Araştırmacılar ayrıca mezardaki çoğu ilk evreye tarihlenen kemiklerin aralarında bebek ve yaşlıların da bulunduğu en az 12 kişiye ait olduğunu belirledi.
Kalıntıların kafa karıştırıcı yönlerinden biri, mezara gömülen insanların kafatasları ve uyluk ve kol gibi büyük kemikler de dahil olmak üzere bazı parçalarının eksik veya sayıca az olmasıdır. Aynı zamanda araştırmacılar, alışılmadık bir keşif olarak el ve ayaklardaki küçük kemiklerin, dişler ve kaburga parçalarıyla birlikte iyi bir şekilde temsil edildiğini buldular.
Göteborg Üniversitesi'nden arkeolog Karl-Göran Sjögren, bir basın açıklamasında "Bu, genellikle megalit mezarlarda, yani Neolitik döneme ait taş mezar odalarında gördüğümüzden farklı ." dedi. "Genellikle eksik olan kemikler ayak ve ellerdeki daha küçük kemiklerdir."

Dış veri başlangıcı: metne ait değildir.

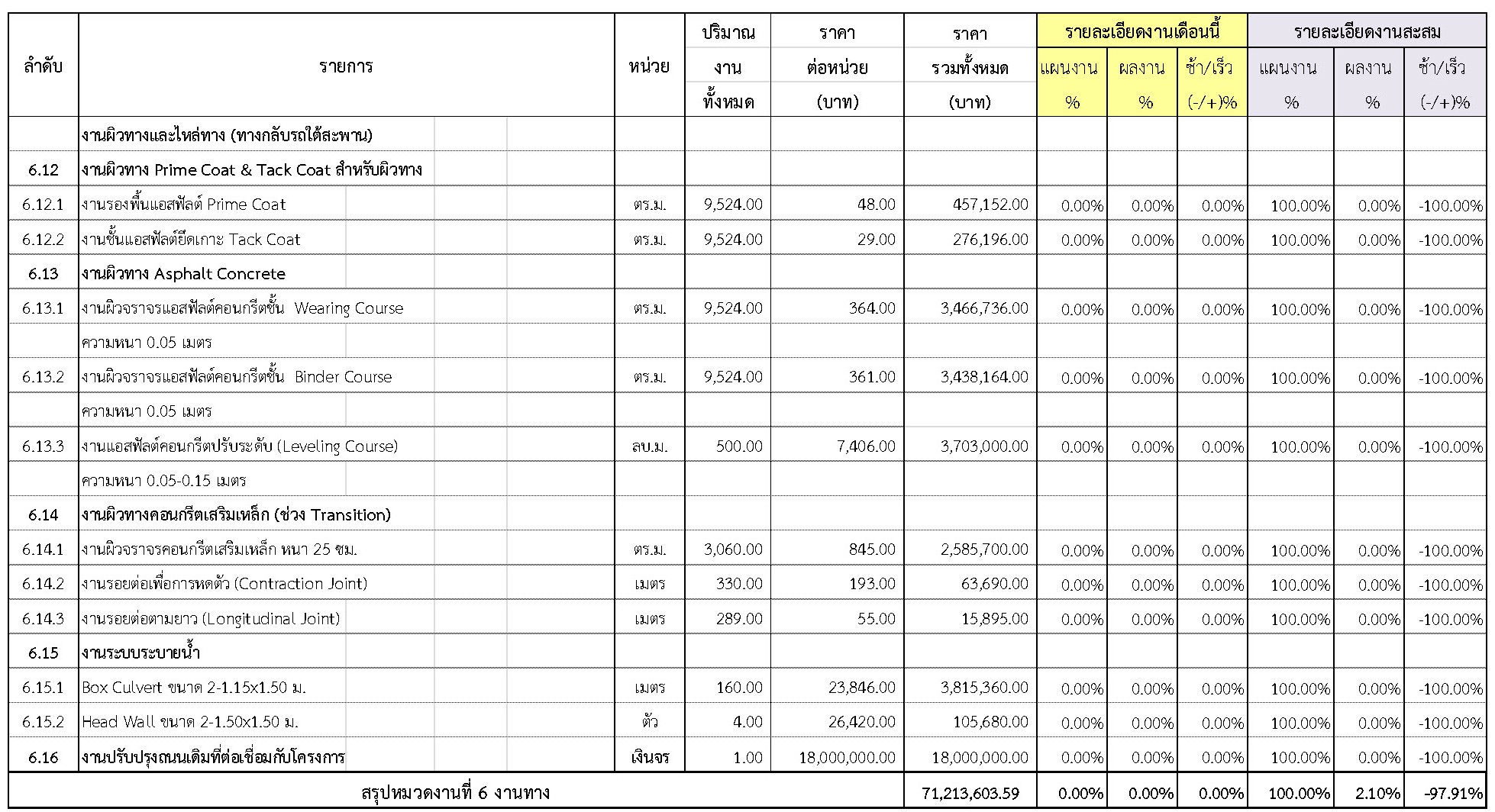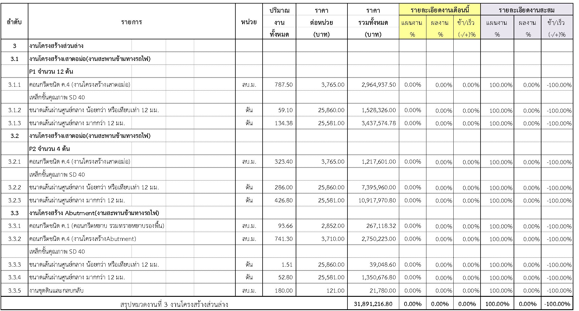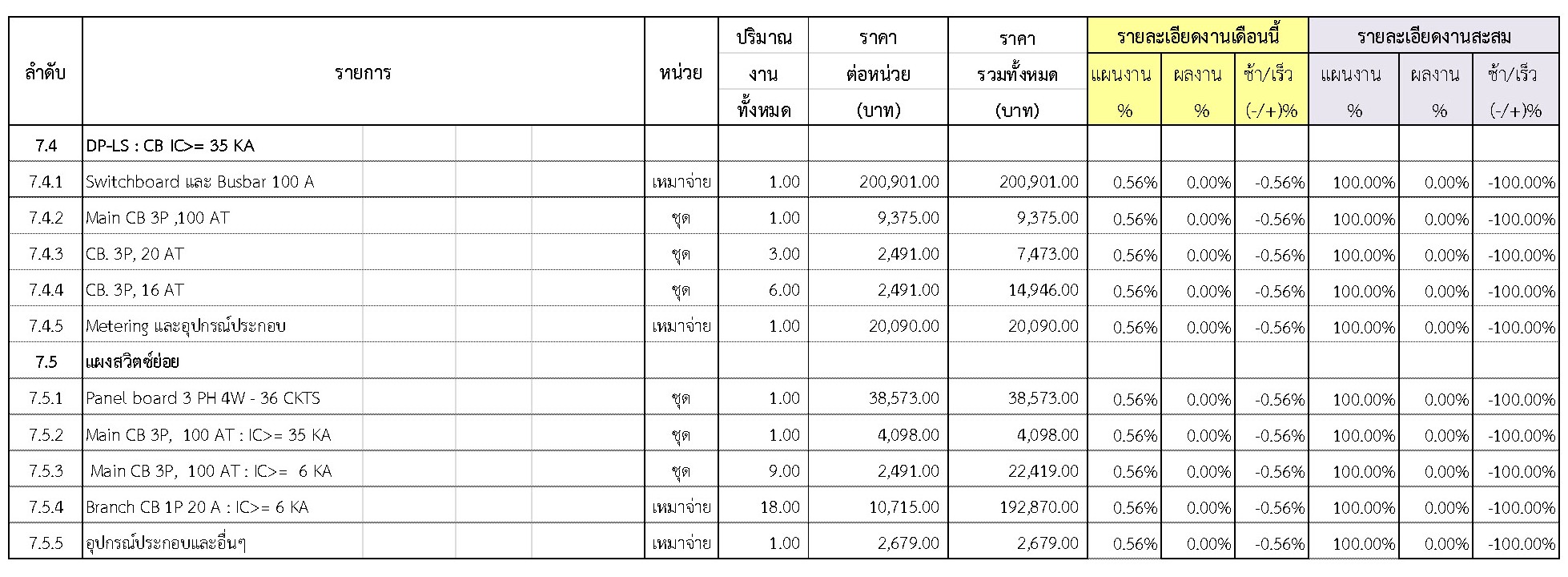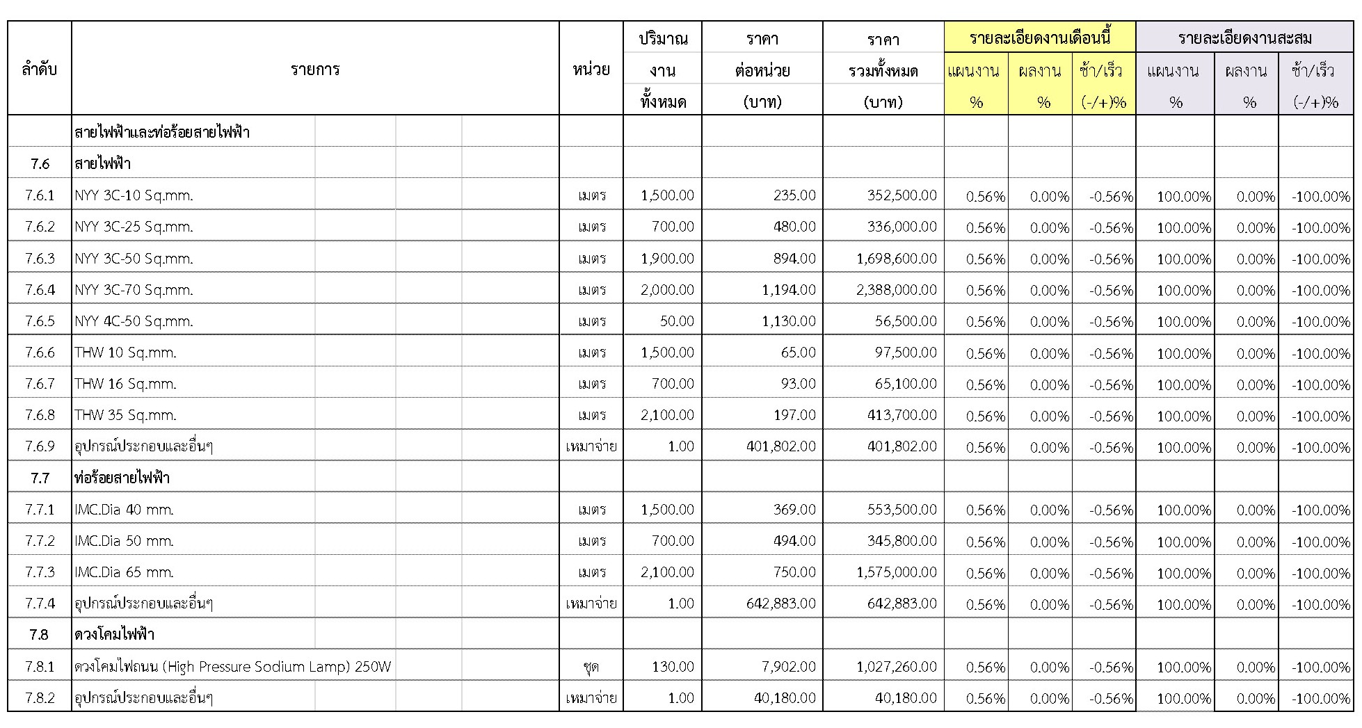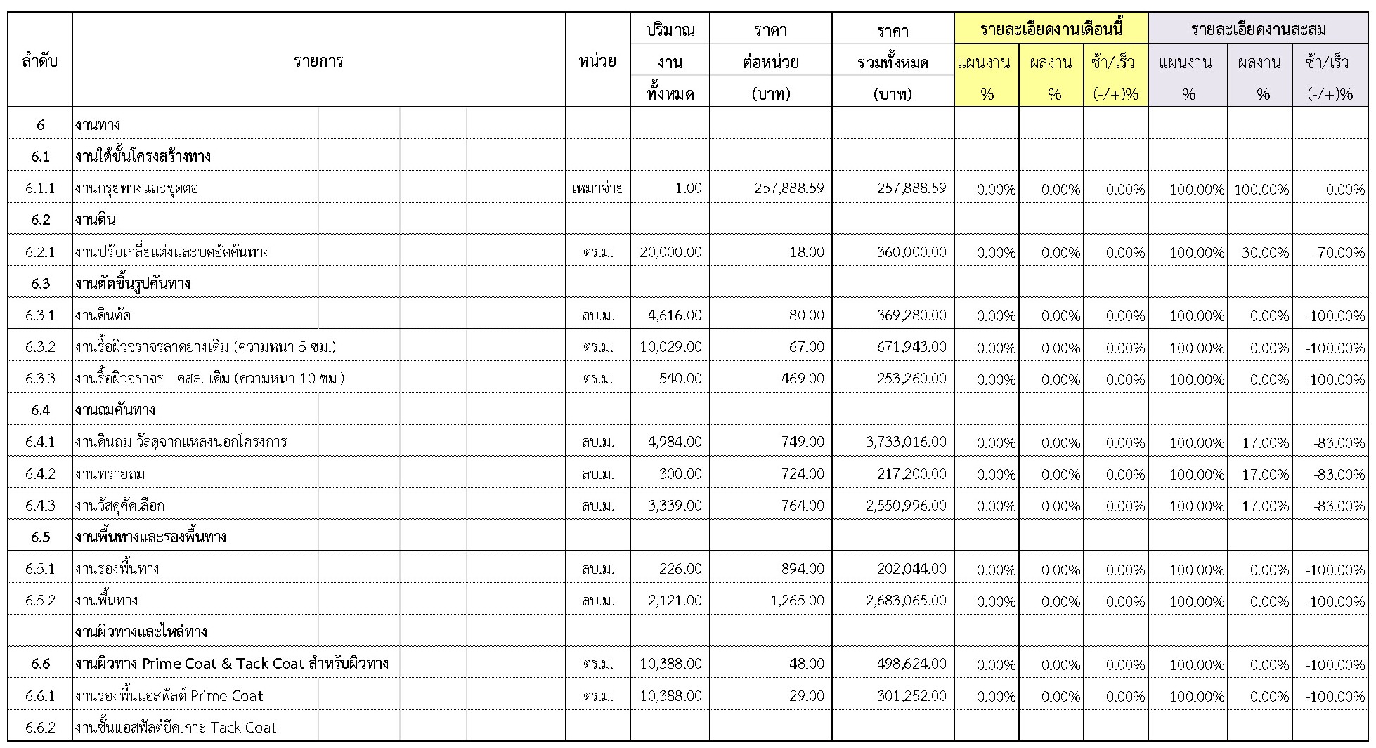 2.2 ความก้าวหน้าของงานก่อสร้างแยกตามรายการ

Mezardaki arkeolojik gözlemler ve toprak analizleri, kalıntıların bulunduğu zemin katmanlarının bütünlüğüne işaret ediyor. Bu, eksik kemiklerin Erken Neolitik dönemde çıkarılmış olabileceğini gösteriyor ancak bunun nedeni hala gizemini koruyor.
"KAFATASLARI VE BÜYÜK KEMİKLER MEZARDAN ÇIKARILMIŞ OLABİLİR"
Sjögren, "Kafatasları ve büyük kemikler kayıp ve mezardan çıkarılmış olabilir. Bunun gömme ritüelleriyle mi yoksa arkasında ne olduğunu bilmiyoruz" dedi.
Ayrıca mezara gömülen kişilerin nasıl öldüğü de belirsiz; araştırmacılar bunu tespit etmeye çalışıyor.
Sjögren, "Gömülü insanlarda herhangi bir yaralanma görmedik, bu nedenle şiddete karışıldığını düşünmüyoruz. Ancak DNA'larını incelemeye devam ediyoruz ve bu onların herhangi bir hastalığı olup olmadığını gösterecek" dedi.
Araştırmacılar, DNA analizini kullanarak mezardaki bireylerin akraba olup olmadığını da belirlemeye çalışıyor.
Sjögren, "Ön DNA sonuçları, kemiklerdeki DNA'nın iyi korunmuş olduğunu gösteriyor. Bu, mezardaki insanlar arasındaki aile ilişkilerini yeniden kurabileceğimiz anlamına geliyor ve şu anda bunun üzerinde çalışıyoruz." dedi.